● Assignment
Transcribe every entry verbatim; omit pictures.

---- Supplied material

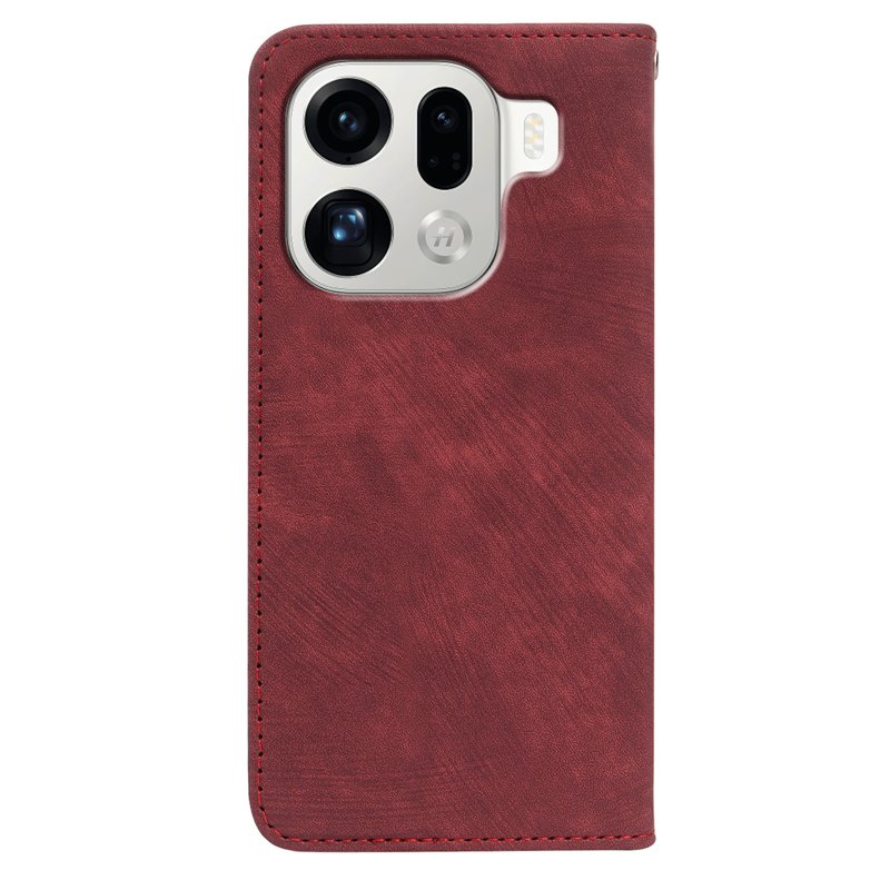 Oppo Find X9 Pro 5G Fodral Äkta Läder Magnetiskt - Röd
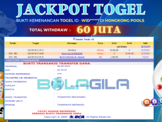 BOLAGILA JACKPOT TOGEL HONGKONG POOLS Rp 60.000.000,- LUNAS
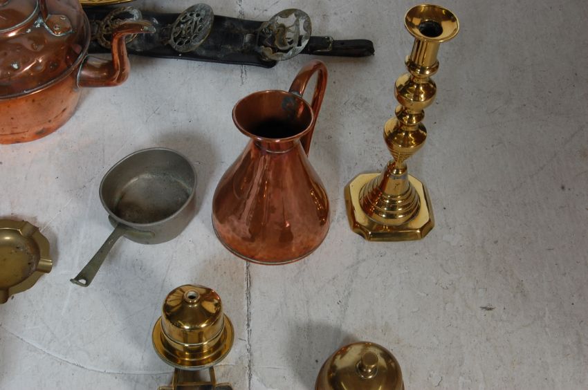 A collection of vintage 20th century brass and copper items comprising of a coal scuttle, charger, kettle, horse brasses, candlesticks and more
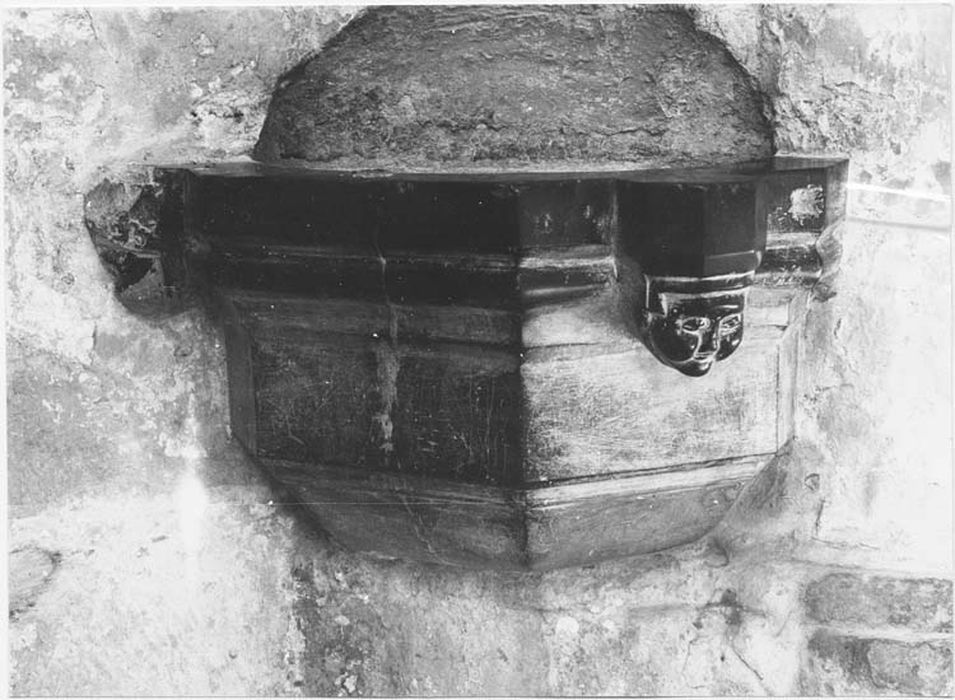 Bénitier en calcaire bleu, sans doute réemploi d'une cuve baptismale du 16e siècle.
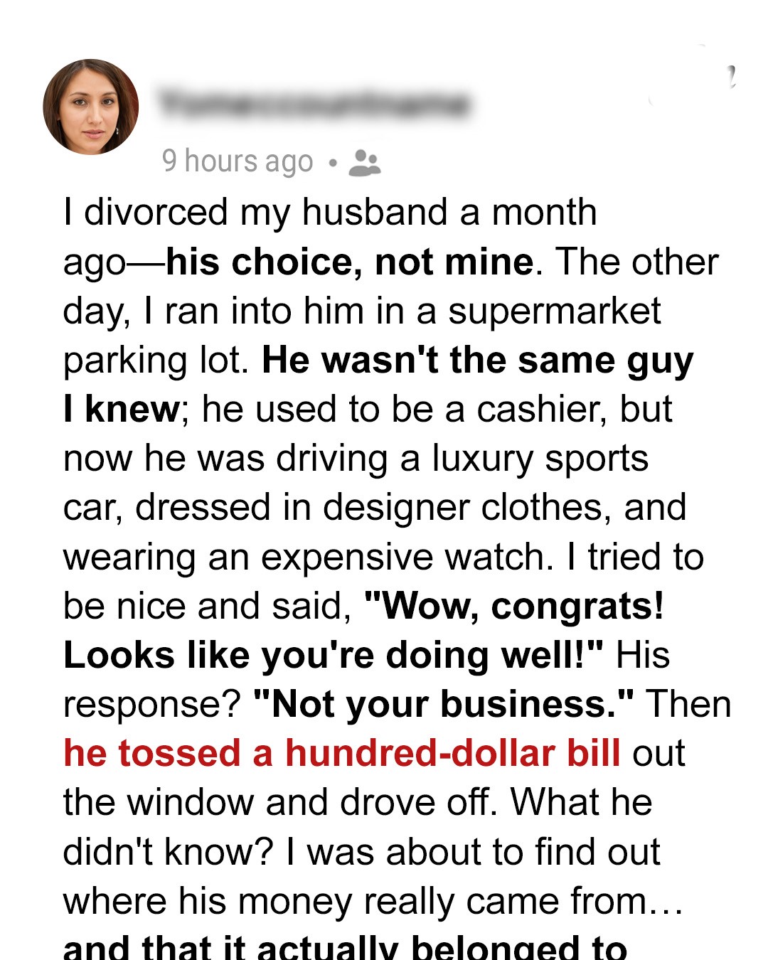 “No, it’s nothing like that,” I began and reached into my pocket for the $100 bill. “I’m asking because I just saw Michael, my ex, driving a sports car and wearing clothes worth more than our old rent. He threw this at me. I drew that smiley face on the stack of cash Grandpa offered me.”

--------

● Response to this exercise
 Oppo Find X9 Pro 5G Fodral Äkta Läder Magnetiskt - Röd
 BOLAGILA JACKPOT TOGEL HONGKONG POOLS Rp 60.000.000,- LUNAS
 A collection of vintage 20th century brass and copper items comprising of a coal scuttle, charger, kettle, horse brasses, candlesticks and more
 Bénitier en calcaire bleu, sans doute réemploi d'une cuve baptismale du 16e siècle.
 “No, it’s nothing like that,” I began and reached into my pocket for the $100 bill. “I’m asking because I just saw Michael, my ex, driving a sports car and wearing clothes worth more than our old rent. He threw this at me. I drew that smiley face on the stack of cash Grandpa offered me.”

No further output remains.